A Simple Technique for Fundamental Harmonic Approximation Analysis in Parallel and Series-Parallel Resonant Converters

Authors: Akshay Kumar Rathore, Senior member IEEE, and Venkata R Vakacharla, student member IEEE Abstract The Fundamental Harmonic Approximation (FHA) analysis favored engineers by alleviating obstacles in analysis, loss computation, and optimization by reducing complex resonant converter into a mere Resistance-Inductance-Capacitance (RLC) circuit. However, to improve the power density of an X-ray machine power supply, elimination of filter inductor leaves parallel and series-parallel resonant converters with capacitive filter in output, which forces the Rear End Rectifier (RER) to draw discontinuous currents.

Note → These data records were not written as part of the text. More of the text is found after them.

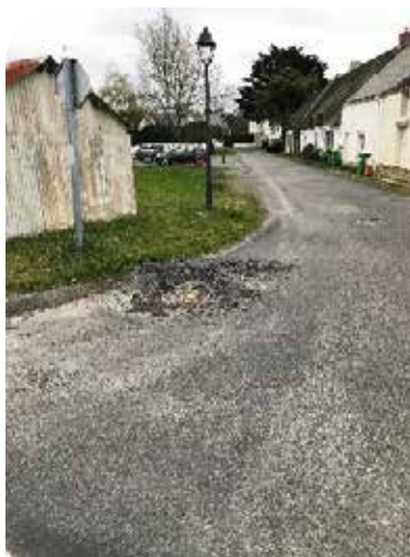
Rue de la Barberaie avant travaux...

Nous avons décidé récemment de refaire le parking de l'espace la chaumière pour réduire très fortement les interventions des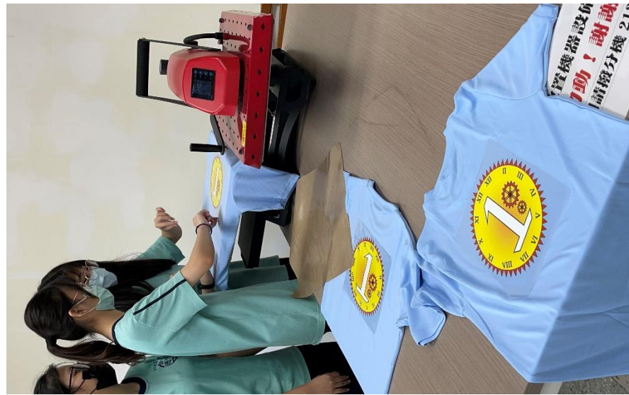
班服製作課程-噴切模轉印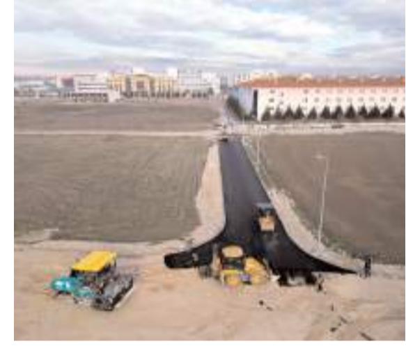
Hastane çevresindeki yollarda asfaltlama çalışmaları başladı.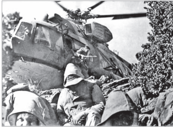
Момент десантирования на господствующую высоту с целью блокирования района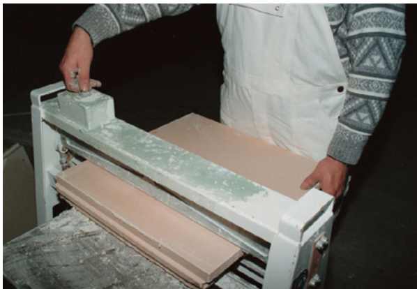
Positief bijeffect: het knippen van gipsblokken geeft minder stof én maakt minder lawaai dan het zagen van gipsblokken

Bij een aantal genoemde stofbeperkende maatregelen, is de blootstelling aan stof bij een blootstellingduur van zes uur per dag toch nog te hoog. Deze maatregelen zijn dus niet afdoende, want arbeidsomstandighedenbeleid behoort ervan uit te gaan dat iemand zijn werk gedurende een hele dag normaal kan doen. Maar de keuze van maatregelen wordt door vele factoren bepaald. Is er op een werkplek bijvoorbeeld geen stromend water aanwezig, dan kan beter voor afzuiging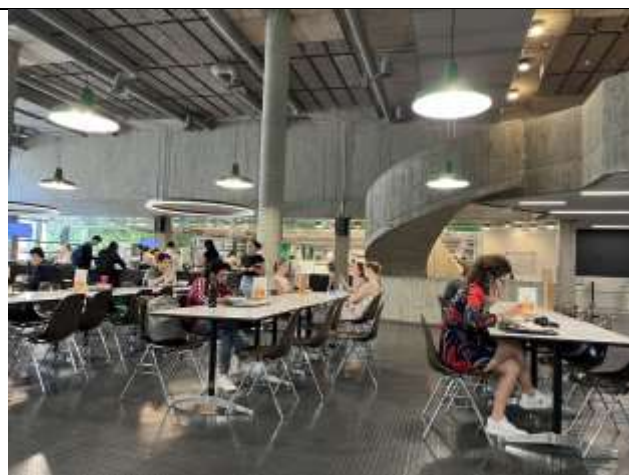
TUM 主校區 Mensa (學生餐廳)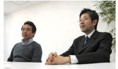
朝日新聞 WEBRONZA (2011年)

リクルートワークス研究所 オルタナS フランクリン・コヴィー・ジャパン ジャパンビジネスラボ News Picks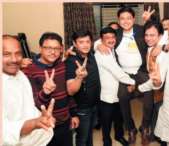
नागपूर पदवीधर मतदारसंघ हा भाजपचा गड आहे. येथे महाविकास आघाडीने भाजपच्या गडाला सुरुंग लावला आहे.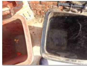
绿港村堡镇 229 号垃圾分类正常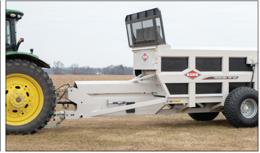
余裕のある旋回空間

請け負い作業に最適な精度の高い排出量調整が可能です。ボックス内側で突起になるガイドレールをなくし、開口高さを大きくすることで原材料の停滞やブリッジ現象が起きる可能性を減らしています。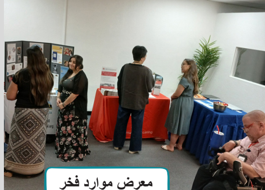
معرض موارد فخر ذوي الإعاقة

These unprecedented discontinuous currents through resonant tanks complicate the FHA analysis, a simple and elegant approach, by forcing it to adopt computer-aided techniques and numerical methods similar to the time domain, state-space, and state-plane approaches. Therefore, all available tools, including traditional FHA, fail to model these converters with reduced complexity and labor. Addressing this issue, this paper presents a technique to restore the simplicity of FHA analysis in the case of parallel and series-parallel resonant converters terminated with capacitive filters. The authenticity, simplicity, and accuracy of the proposed technique are demonstrated through results. Further, a detailed comparison with existing modeling techniques is also provided. This paper is published in IEEE Transactions on Industrial Electronics Check full paper at: ...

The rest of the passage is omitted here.